The tense "have been X-ing" is very specific in English to actions which have started in the past and continue into the present. I think the translations that Josh gave above are probably the best, and my initial reaction was that Egyptian would use the regular present tense with some time words to describe this situation.

For example, if I wanted to translated the sentence "I have been working a lot this month" which implies that at the beginning of the month, I began to work a lot, and I continued, and even now I am still working a lot, I would _guess_ that in Egyptian Arabic you would just say:

Bashtaghal ketiir ish-shahr da
بشتغل كتير الشهر ده.


I think you may have gotten confused because points were brought up about the "was X-ing" or "used to X" tenses which use kaan كان, which is not the original topic of this thread. Obviously, you might use a كان -  construction if it were good in a certain context. And I think context is key, because many languages don't have a specific tense for this situation like English does, and so one may have to translate this construction in a context-specific way.


----------



## scetis

clevermizo said:


> The tense "have been X-ing" is very specific in English to actions which have started in the past and continue into the present. I think the translations that Josh gave above are probably the best, and my initial reaction was that Egyptian would use the regular present tense with some time words to describe this situation.
> 
> For example, if I wanted to translated the sentence "I have been working a lot this month" which implies that at the beginning of the month, I began to work a lot, and I continued, and even now I am still working a lot, I would _guess_ that in Egyptian Arabic you would just say:
> 
> Bashtaghal ketiir ish-shahr da
> بشتغل كتير الشهر ده.
> 
> 
> I think you may have gotten confused because points were brought up about the "was X-ing" or "used to X" tenses which use kaan كان, which is not the original topic of this thread. Obviously, you might use a كان -  construction if it were good in a certain context. And I think context is key, because many languages don't have a specific tense for this situation like English does, and so one may have to translate this construction in a context-specific way.
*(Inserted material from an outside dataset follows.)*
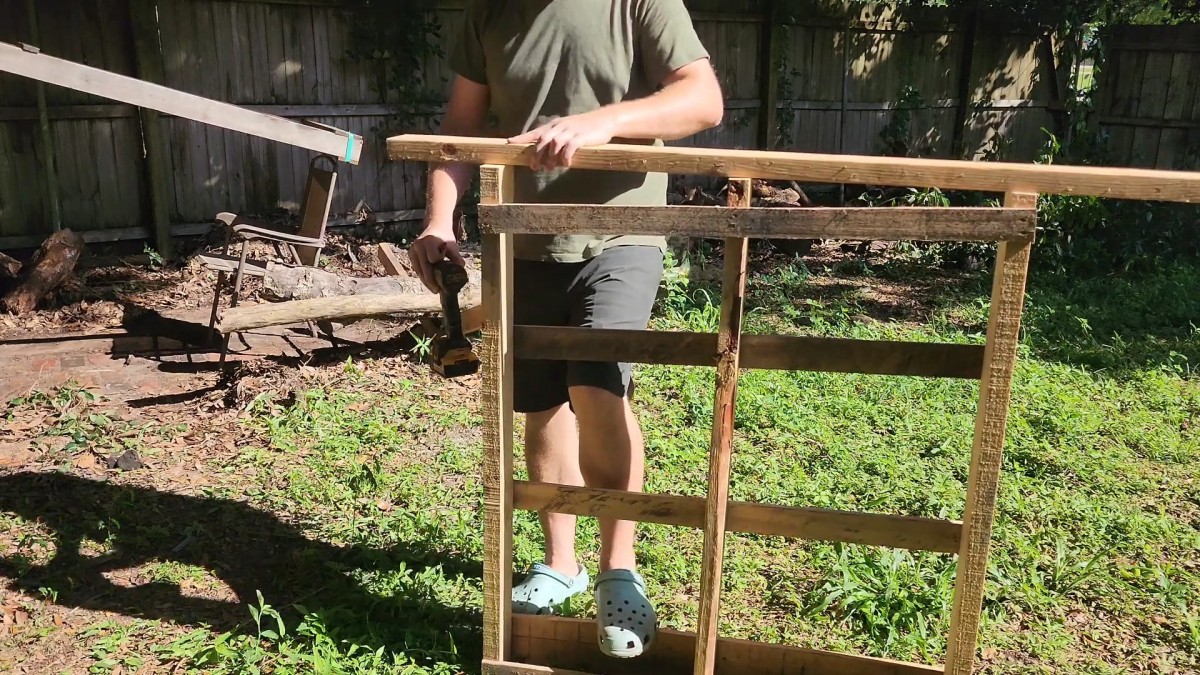Jednotlivé části spojuje pomocí vrutů, které zajišťují pevnější spoj než hřebíky. Konstrukce tak lépe odolá zatížení i pohybu dřev

Thanks so much for clearing this us... I too have spent a long time trying to wrap my head around the 'have been x-ing' as you nicely put it. So after reading over this thread numerous times, I tried thinking of some more examples and came up with a couple that I'm having a hard time working through. 

One is, "I have been thinking about that."  and the other is "I have been wondering about that for a long time"... and just to clarify, one I would love to use a lot is, "We have been thinking about you guys a lot lately". 

Thanks...


----------



## cherine

I forgot to thank Clevermizo for explaining the "have been doing" tense 



scetis said:


> "I have been thinking about that." and the other is "I have been wondering about that for a long time"... and just to clarify, one I would love to use a lot is, "We have been thinking about you guys a lot lately".
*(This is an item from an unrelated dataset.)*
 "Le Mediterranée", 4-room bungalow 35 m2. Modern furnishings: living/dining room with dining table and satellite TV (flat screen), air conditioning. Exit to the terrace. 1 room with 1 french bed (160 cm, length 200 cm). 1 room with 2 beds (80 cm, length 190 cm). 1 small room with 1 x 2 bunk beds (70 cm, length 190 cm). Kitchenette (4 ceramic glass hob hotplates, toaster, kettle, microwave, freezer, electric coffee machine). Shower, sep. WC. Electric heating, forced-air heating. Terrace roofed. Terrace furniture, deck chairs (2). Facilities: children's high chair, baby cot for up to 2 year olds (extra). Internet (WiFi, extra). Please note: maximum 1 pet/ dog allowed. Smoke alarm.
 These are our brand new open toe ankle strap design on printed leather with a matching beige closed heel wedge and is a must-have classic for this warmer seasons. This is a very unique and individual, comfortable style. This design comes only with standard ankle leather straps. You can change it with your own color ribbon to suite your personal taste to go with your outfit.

I think that "have been thinking" and "have been wondering" could be translated the same way:
بَفَكَّر كتير في الموضوع دا/في الحكاية دي
You can add بقالي فترة (ba2ali fatra) before it to indicate that the action started since some time.
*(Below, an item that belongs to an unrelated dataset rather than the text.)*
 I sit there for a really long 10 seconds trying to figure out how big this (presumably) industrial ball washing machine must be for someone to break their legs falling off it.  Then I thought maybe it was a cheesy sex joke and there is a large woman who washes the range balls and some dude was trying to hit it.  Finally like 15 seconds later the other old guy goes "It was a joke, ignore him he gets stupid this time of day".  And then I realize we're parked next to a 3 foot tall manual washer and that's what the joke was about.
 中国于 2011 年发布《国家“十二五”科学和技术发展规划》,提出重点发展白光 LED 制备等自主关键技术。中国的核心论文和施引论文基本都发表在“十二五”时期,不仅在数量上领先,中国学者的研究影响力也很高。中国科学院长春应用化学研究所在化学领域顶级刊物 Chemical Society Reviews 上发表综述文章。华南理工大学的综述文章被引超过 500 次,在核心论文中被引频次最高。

"Thinking about someone" is usually said as: فلان على بالي because بفكَّر في فلان would most probably be understood as love-related thinking.
So, "I have been thinking about you guys a lot lately" would be: بقالكو فترة على بالي ba2alko fatra 3ala baali, or انتو على بالي من مُدّة/فترة .


----------



## إسكندراني

You could also say
كنت عمّال افكّر فيها
عمّال افكّر فيكم اليومين دول يا جماعة
But it has connotations of some really intense/deep thinking!


----------